Lp-asymptotic stability of 1D damped wave equations with localized and nonlinear damping

TL;DR

This paper investigates the exponential decay of energy in one-dimensional nonlinear damped wave equations with localized damping, establishing well-posedness and stability results in various L^p spaces.

Contribution

It extends the analysis of damped wave equations to L^p spaces, proving well-posedness and exponential energy decay with nonlinear damping.

Findings

Existence and uniqueness of solutions in L^p spaces.

Exponential decay of energy for strong solutions.

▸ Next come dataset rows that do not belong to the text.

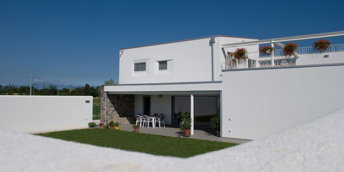 Le scelte energetiche e di sostenibilità. Bioclimatica: orientamento, forma dell’edificio e distribuzione dei locali sono stati pensati in modo tale da massimizzare il guadagno solare gratuito a sud e minimizzare le dispersioni di calore in regime invernale a nord. Particolare attenzione è stata posta al controllo del soleggiamento sui fronti più caldi ed esposti, attraverso la progettazione del portico fisso e dell’utilizzo di veneziane motorizzate regolabili poste entro vetro, alcune accessibili collocate all’esterno del serramento in una camera separata, al fine di poter diversamente regolare la percentuale di ombreggiamento. Al piano primo, sui fronti caldi sud ed ovest, delle strombature modulano l’ingresso della luce bloccando i raggi incidenti più critici. Le aperture creano in regime estivo una ventilazione naturale passante verticale nord/sud, con motore il vento e con camino il corpo scala. Allo stesso modo i venti prevalenti, provenienti da nord-est, vengono schermati nel cortile dall’edificio stesso ad L e sulla terrazza da due alti muri.
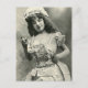 Silly vintage photograph with young woman wearing a dress and hat made from the morning newspaper
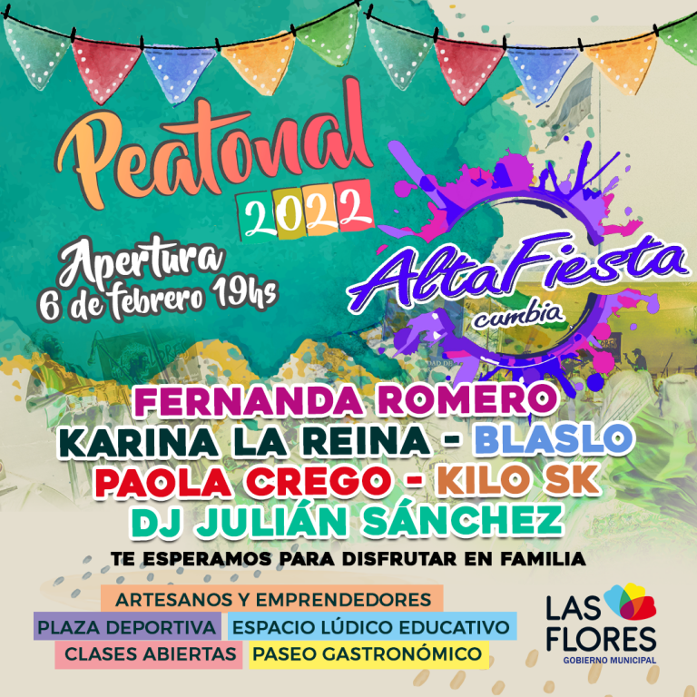 El paseo peatonal contará con Feria de Emprendedores, paseo gastronómico, juegos infantiles, Juegos deportivos, Intervenciones artísticas a cargo de Manuela Nunez y Daniela Pardo y talleres culturales.
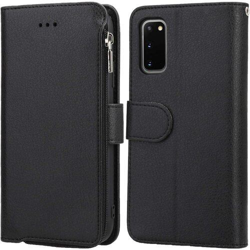 Eastwave サムスン ギャラクシー S20 Plus ケース for Samsung Galaxy S20plus SC-52A SCG02 ケース 手帳型 財布型 背面ICカード コインポケット ストラップ付き カード 収納 小銭入れ ファスナーポケット付き PUレザー 5色 ブラック 806

Extension of linear case results to nonlinear damping.

Abstract

In this paper, we study the $L^p$-asymptotic stability with $p\in (1,\infty)$ of the one-dimensional nonlinear damped wave equation with a localized damping and Dirichlet boundary conditions in a bounded domain $(0,1)$. We start by addressing the well-posedness problem. We prove the existence and the uniqueness of weak solutions for $p\in [2,\infty)$ and the existence and the uniqueness of strong solutions for all $p\in [1,\infty)$. The proofs rely on the well-posedness already proved in the $L^\infty$ framework by [4] combined with a density argument. Then we prove that the energy of strong solutions decays exponentially to zero. The proof relies on the multiplier method combined with the work that has been done in the linear case in [8].